FIGURE 6.

cPLA2^−/− MEFs do not express type I interferons in response to C. trachomatis. A, conditioned medium from infected and uninfected cPLA2^+/+ and cPLA2^−/− MEFs were placed onto uninfected cPLA2^+/+ and cPLA2^−/− cells. The ability of the medium to induce IRG expression in uninfected cells was assessed by immunoblots with specific antibodies. Note that conditioned medium from L2-infected cPLA2^+/+, but not cPLA2^−/− MEFs, activates IRG expression in both wild-type and knockout MEFs. Also note the lower basal levels of IRG expression in cPLA₂-deficient cells. B, expression of IFN-β in response to C. trachomatis infection (L2) was assessed by RT-PCR. cPLA₂-deficient cells were incapable of expression IFN-β during C. trachomatis infection, but retained the ability to respond to poly(I:C). C, cPLA2^+/+ and cPLA2^+/+ MEFs were transduced with an IFN-inducible luciferase reporter construct and tested for luciferase activity in response to infection, IFN-γ and transfection of poly(I:C). C. trachomatis-dependent induction of the luciferase reporter is dependent on cPLA₂. D, cPLA2^+/+ and cPLA2^−/− MEFs were treated with 100 units/ml of IFN-β and assessed for expression of IRG proteins by immunoblot.
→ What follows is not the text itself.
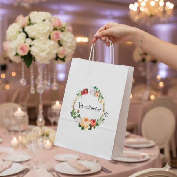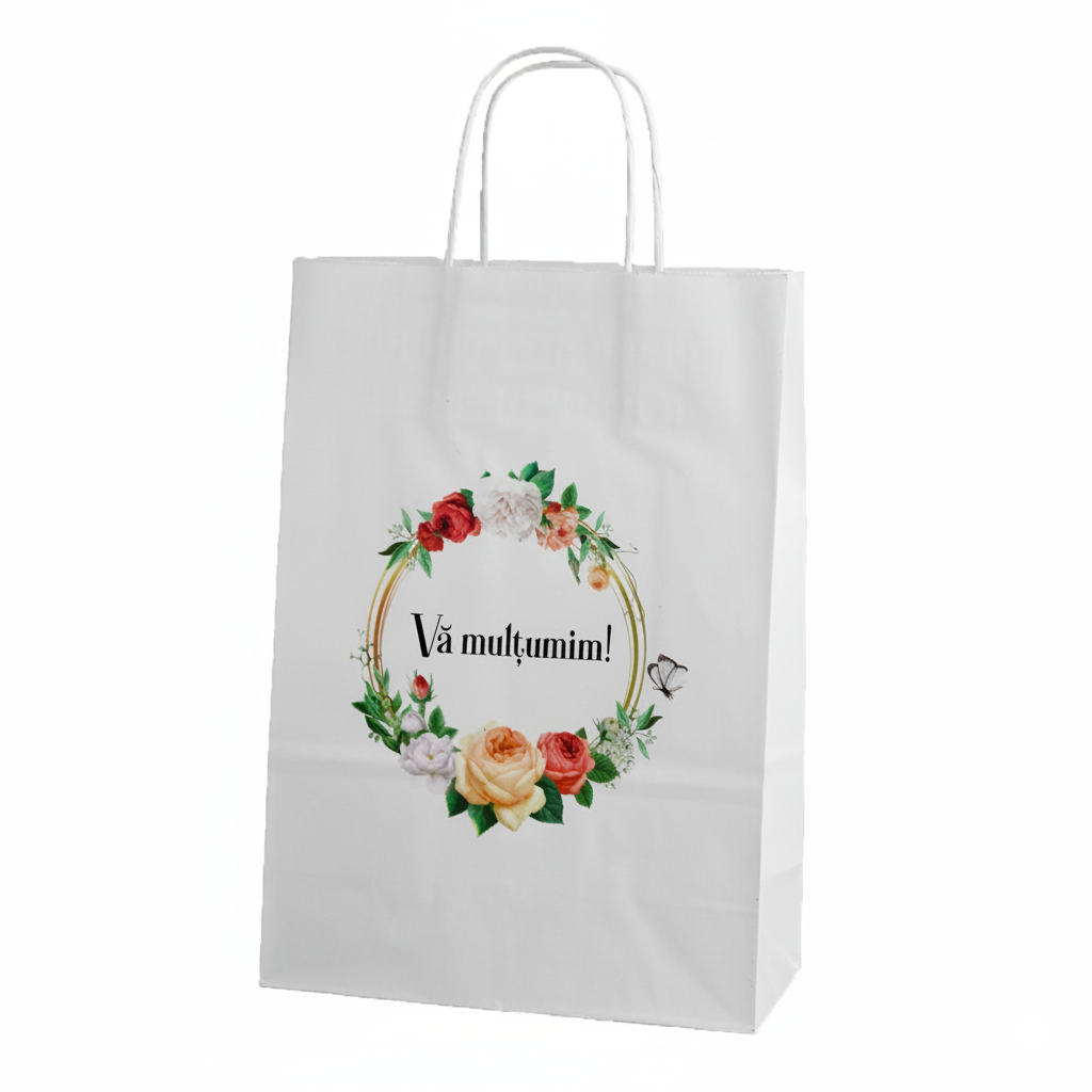 • Sacoşă din hârtie albă 18x24x8 cm cu mâner răsucit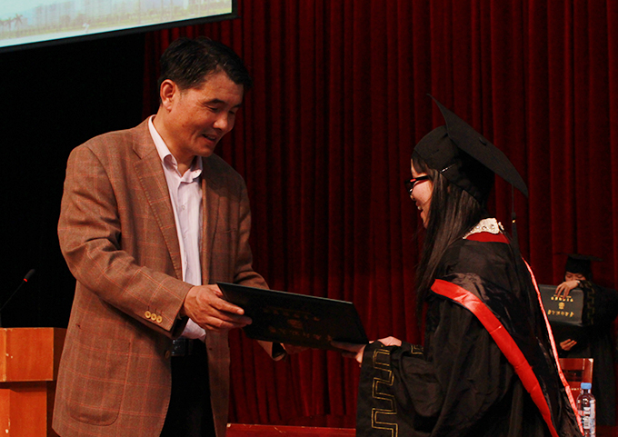 陈德清副校长为第一批学士学位获得学生颁发证书

Both wild-type and cPLA₂ deficient MEFs are capable of responding to treatment with IFN-β. Irgm1 and Irgm3 were similarly induced (not shown). E, cPLA2^+/+ and cPLA2^−/− MEFs were infected C. trachomatis (L2), treated with 100 units/ml of IFN-β and bacterial replication was assessed by the generation of infectious units. Both wild-type and cPLA₂-deficient cells are capable of containing bacterial growth after treatment with IFN-β. Results shown are representative of at least three independent experiments.